In an employer and independent contractor relationship, the parties cannot rely on the Employment Relations Act, as the Act does not apply to contractors. This becomes problematic, as the relationship between contractor and employer may operate and appear to be like an employee and employer relationship yet is governed by entirely different law.

Some employers accidentally classify employees as contractors without realising the consequences of this action. However, other employers deliberately do this in an attempt to avoid their responsibility for employee entitlements. Employers may see this relationship as more desirable, as independent contractors are not entitled to annual, sick leave or holiday pay. As well as this, independent contractors cannot bring personal grievances. Importantly, a contractor can be terminated subject to the specific terms of his or her contract, whereas an employee can only be terminated if that termination can be procedurally and substantively justified.
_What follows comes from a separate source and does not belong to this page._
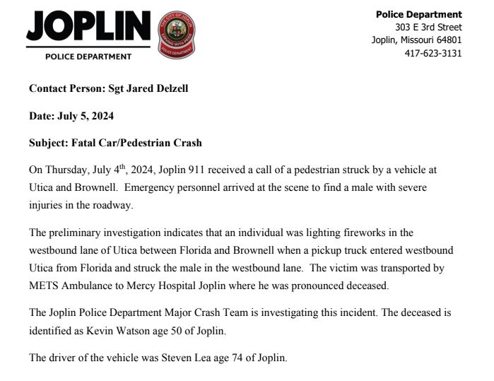 Joplin police say 50-year-old Kevin Watson was lighting fireworks in the westbound lane of Utica St. between Florida Ave. and Brownell Ave., when a pickup truck entered westbound Utica St. and hit him.

Section 6 of the Employment Relations Act provides a definition for who is an ‘employee’. This section sets out the approach that the Court or Authority is to determine whether an individual is engaged as a contractor or an employee. The Authority must consider the “real nature of the relationship between them”, which is done through a balancing exercise. Case law has developed four core tests to assist in this balancing test.

1. Intention test

What the parties intended the relationship to be is relevant, but it doesn’t on its own determine the true nature of their relationship. Intention is usually deduced from the wording in the parties’ written agreement.
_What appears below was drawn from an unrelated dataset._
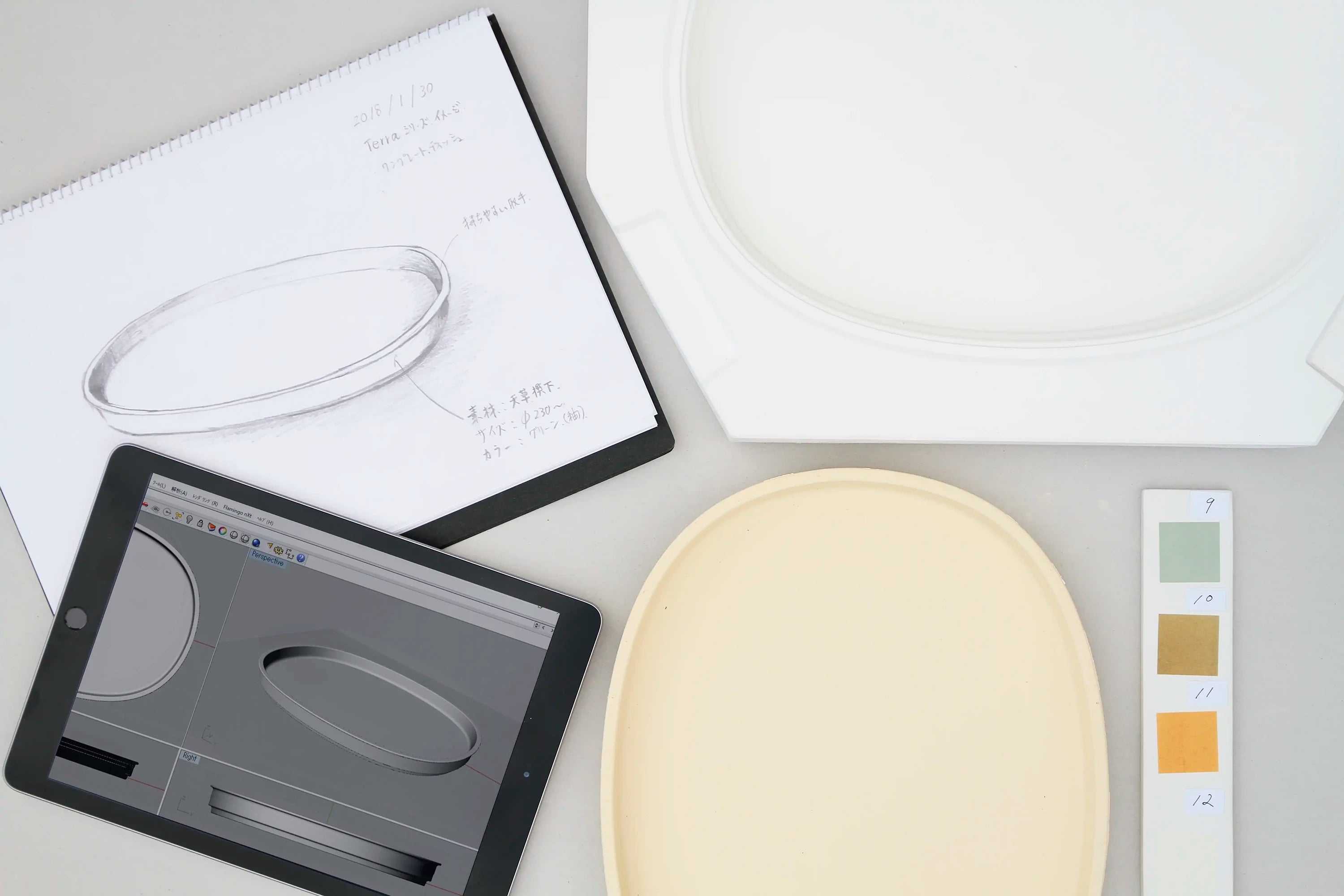 頂いた図面をもとに形状、色などすべてオリジナルの商品を開発できます。Realitaでは3DCADソフトを導入し、NC切削機を使用したより精度の高い型成型も可能です。また「アイデアはあるけど形にできない」そんな方のためにパートナーデザイナーと共に開発する事も可能です(別途有料)。陶磁器の素材を活かしたモノづくりに柔軟にお応えします。

2. Control vs independence test

The Court will consider how much control is exercised over the worker’s work content, hours and methods. The greater the control, the more likely it is that a person is an employee. A worker with greater freedom to choose who to work for, and where and when to work, is more likely to be a contractor.

3. Integration test

This test looks at whether the work performed by the person is fundamental to the employer’s business and whether they are ‘part and parcel’ of the organisation. Usually, the work performed by a contractor is only a supplementary part of the business and is not the type of business commonly done by employees.

4. Fundamental/economic reality test

This test is concerned with whether the alleged employee engaged themselves to perform the services with the employer as a person in business on their own account.

The Court and Authority have a great deal of discretion in this area, and this allows them to interpret the tests as they see fit. In theory, the tests outlined above appear to be a fair and equal balancing test. However, case law and Authority rulings have proven that this is not so. Despite the Koia v Carlyon Holding Ltd ruling that the intention test is not determinative, the Authority gives large weighting to the contractual relationship. This is problematic, because it fails to adequately address the intention of the worker. More often than not, a layperson presented with a contract for services will sign the document without considering the legal implications of the relationship. Furthermore, the person being offered the work is generally not in a position to negotiate the contract. They may be desperate for work, unaware of the difference between contractor and employee, and keen to sign whatever is put in front of them. This allows employers to take advantage of workers and face no repercussions.

Certain industries are particularly notorious for hiring workers under contractor agreements rather than employment contracts. The IT industry has become overrun with contracting agreements, to the extent that case law has stated that the IT industry generally uses contracting agreements over employment contracts. This was stated in Goode v Turnstone Technologies Ltd, which demonstrated the dangers of a contracting agreement. The employer in question in this case ceased trading, and Goode claimed six months’ wages and a car allowance in response to his constructive dismissal. The company claimed that Goode was a contractor, rather than an employee, and so they did not have to pay these wages. The Authority found for the company on the grounds that Goode had signed an agreement specifying him as a contractor. This provides a classic example of the Authority exercising its discretion by placing particular weight on the intentions of the parties, rather than considering the policy behind the decision, and the best interests of both parties.

The common law has arguably failed to adequately recognise and protect the power imbalance between employer and employee, which is why legislation is necessary. The Employment Relations Act 2000 is social legislation at its heart, which exists to address this power imbalance. However, the current state and application of the Act fails to serve this purpose and is leaving workers vulnerable. The inapplicability of the Act to contractors leaves a large and growing number of individuals unprotected.